Quando o delegado Florisvaldo Nery da Cruz chegou à pacata Piripá, no Sudoeste baiano, em maio de 2006, ele pensava em fazer amigos e realizar o trabalho com apoio da sociedade civil e do Governo do Estado.
contudo, mais de dez anos se passaram e ele, hoje com 64 anos, virou para boa parte dos 12 mil moradores da cidade ‘persona non grata’, alguém que muitos querem longe do cargo que ocupa.
Nomeado em 2003, o delegado Florisvaldo passou a atuar em Piripá em maio de 2006 depois de comandar as delegacias de Cordeiros e Guajeru, ambas no Sudoeste, e com pouco mais de 8 mil habitantes cada uma.
Ele mesmo quem pediu transferência, pois achava, na época, que era melhor atuar em uma unidade da Polícia Civil vinculada à 10ª Coordenadoria de Polícia do Interior (Coorpin), sediada em Vitória da Conquista, como é a de Piripá.
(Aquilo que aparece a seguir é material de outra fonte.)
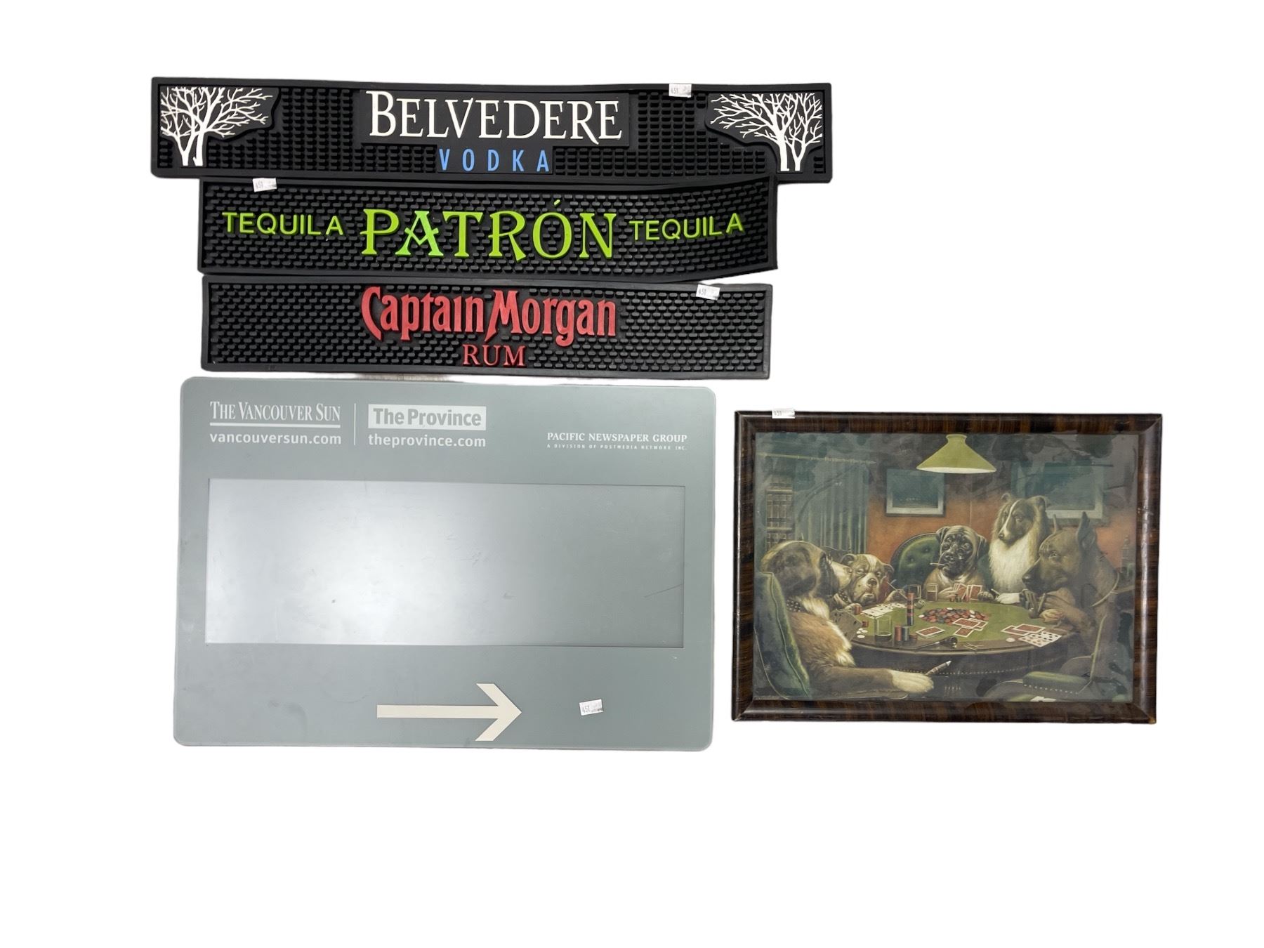 Box Full Of Assorted Collectibles, Posters, Dogs Playing Poker, Australian Outback Flag, Beer Mats, Etc..
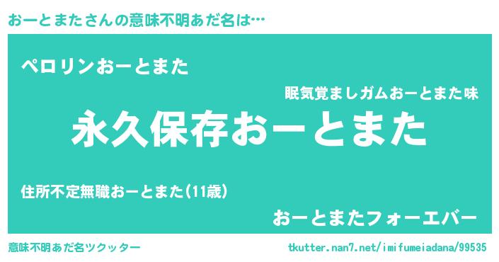 | 男性向けラノベタイトル風あだ名 | 『おーとまたという概念が存在しない退屈な世界 』 |
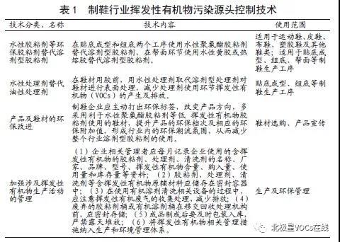 制鞋行業(yè)揮發(fā)性有機物污染源頭控制技術的具體情況見表1。
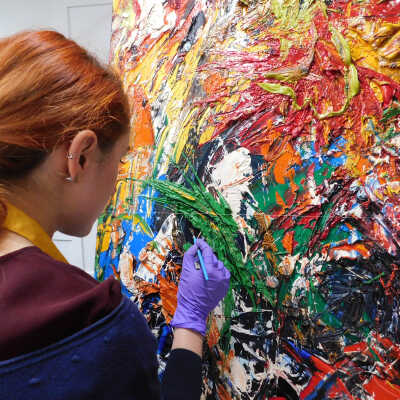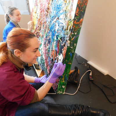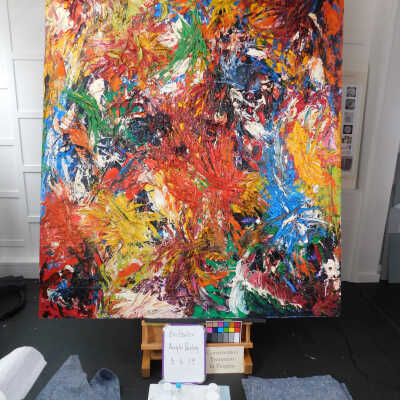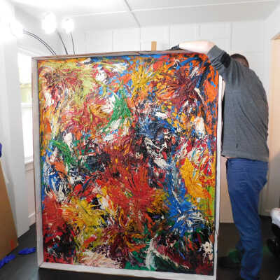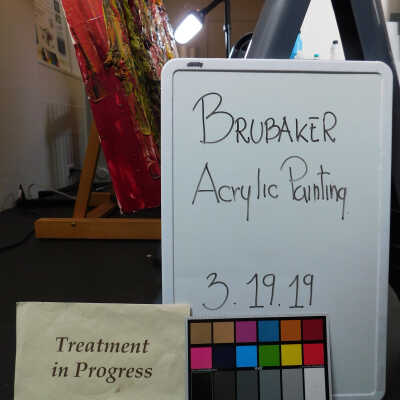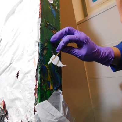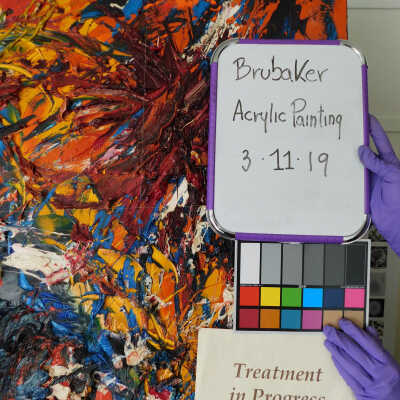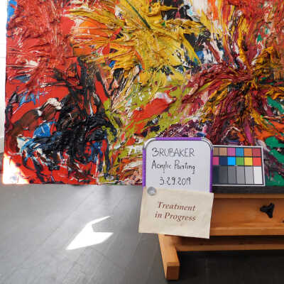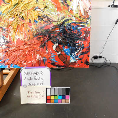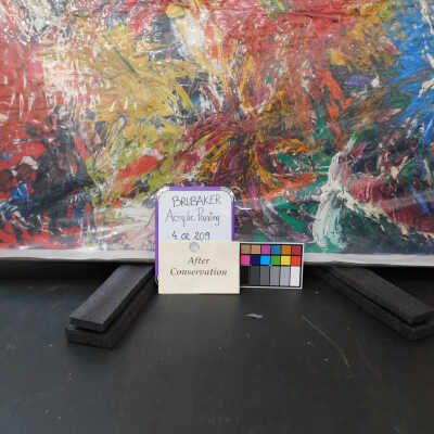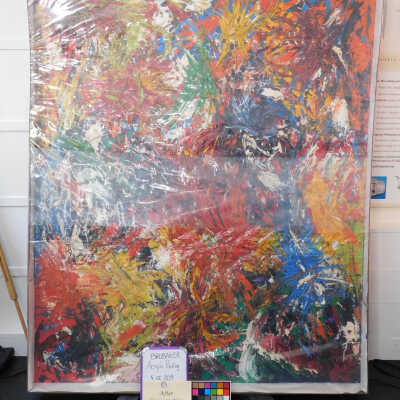 Brush vacuumed front an back of canvas/painting.Acute Treatment
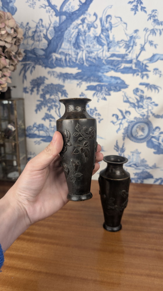 Gli appassionati di bronzi giapponesi o i collezionisti di curiosità asiatiche non aspettino oltre e ordinino senza indugio questa coppia di vasi in bronzo Meiji, che non si limitano a decorare uno spazio: aggiungono un tocco di silenzio, grazia ed eternità.
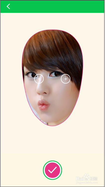 选好图片后,需要调整图片的位置和大小。可以用手指移动图片的位置,进行缩放。调整到合适的位置后,点击下面的勾选按钮,如下图所示。
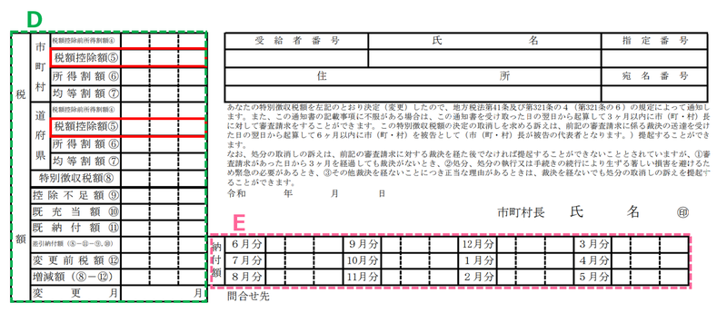 この所得控除を差し引きしたのがC欄の「課税標準」です。これに税率を掛けるなどで計算された住民税の内訳がD欄「税額」となり、市町村と道府県に分けて記載されます。決定した住民税は、E欄にあるように、6月~翌年5月の間で12分割して給与から天引きされ納めます。
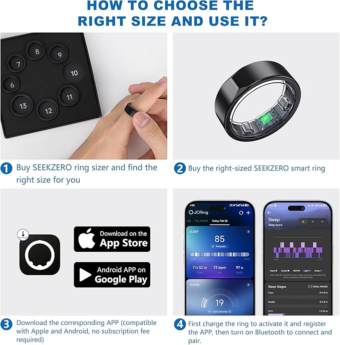 - ❤️ 【All-in-One Health & Activity Tracking】 From morning to night, SEEKZERO smart ring keeps you in tune with your body. Track your heart rate, steps, calories, sleep quality, and stress levels in real time—all from a sleek ring on your finger. Whether you're working, training, or winding down, you’ll get meaningful insights to help you stay balanced, active, and well-rested.
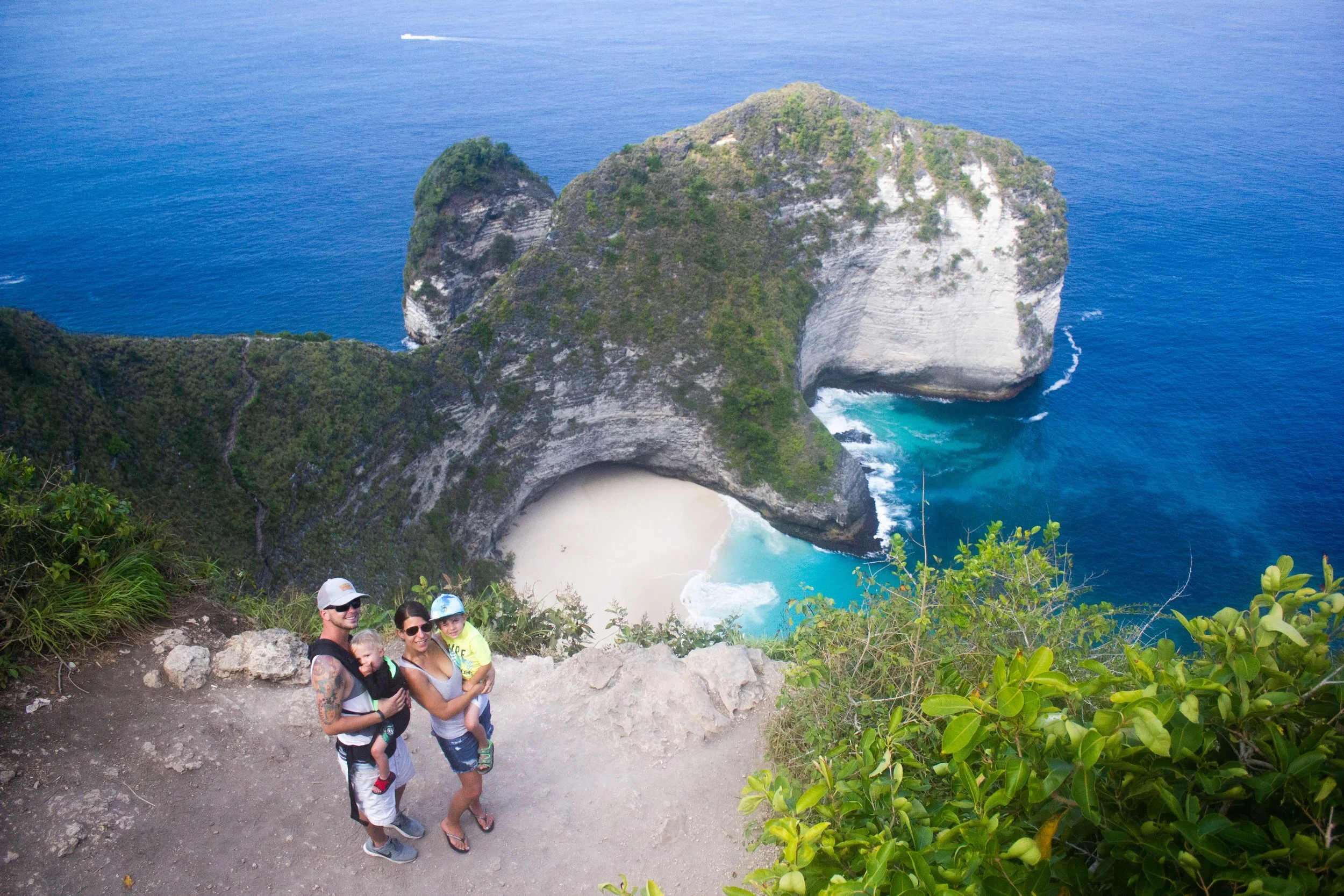 In Bali, I made my husband wade across a river, and climb down a cliff side with our 15 month old strapped to him to see the coolest waterfall, and swim in an ocean side hot spring. Totally worth all his complaining!
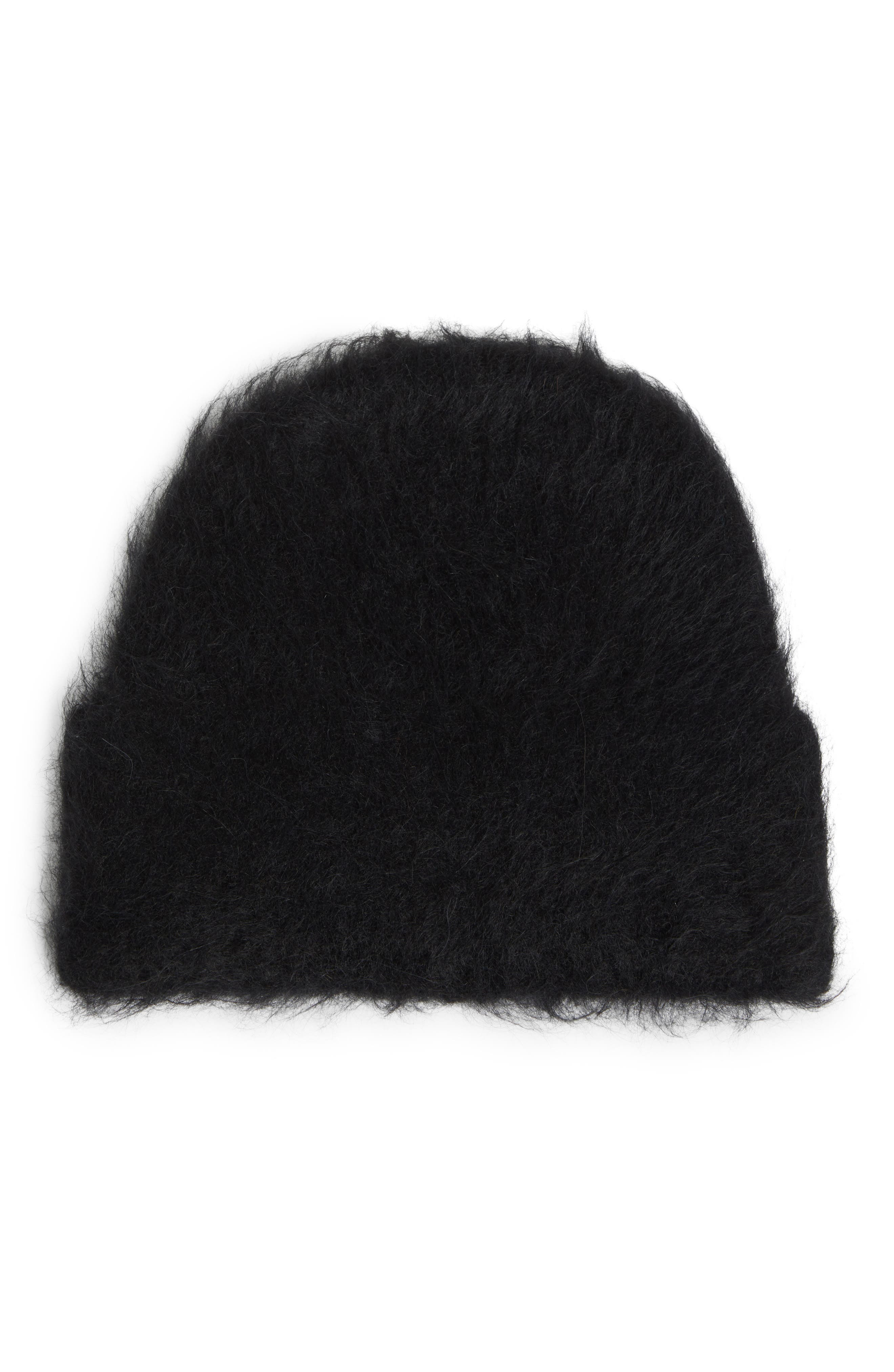Fuzzy alpaca-blend yarns bring cozy texture to this knit beanie that adds sophisticated panache to your cold-weather look. 78% alpaca, 19% recycled polyamide, 3% elastane Hand wash, dry flat Imported
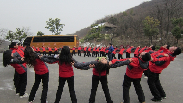 4日一大早,在凜冽的寒風(fēng)中,大家分成三個組,并起好各自的隊名:同心隊、利劍隊和團(tuán)結(jié)隊。拓展訓(xùn)練的項目共分為背摔、挑戰(zhàn)150、七巧板、極速60秒、驛站傳書、創(chuàng)意晚會、跨越斷橋、單杠8個項目。
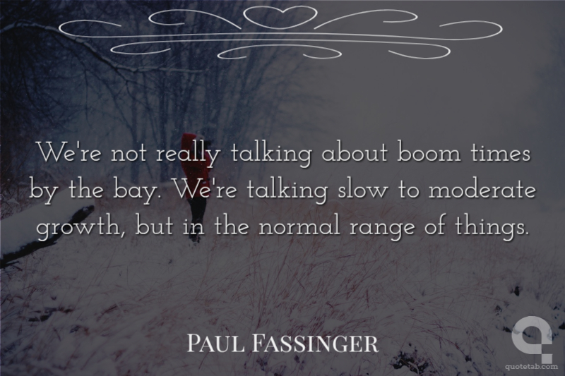 We're not really talking about boom times by the bay. We're talking slow to moderate growth, but in the normal range of things.

“A delegacia de Guajeru é vinculada à 20ª Coorpin, de Brumado, e ao menos na época era muito desestruturada, funcionava em local improvisado, era uma casa alugada. Já a Corpin de Vitória da Conquista é outra coisa, bem melhor”, comentou.
Logo ao chegar em Piripá, o delegado Florisvaldo conta que passou a investigar supostos atos de corrupção do então prefeito Jeová Barbosa, que já foi condenado pela Justiça Federal por fraudes diversas na administração pública local.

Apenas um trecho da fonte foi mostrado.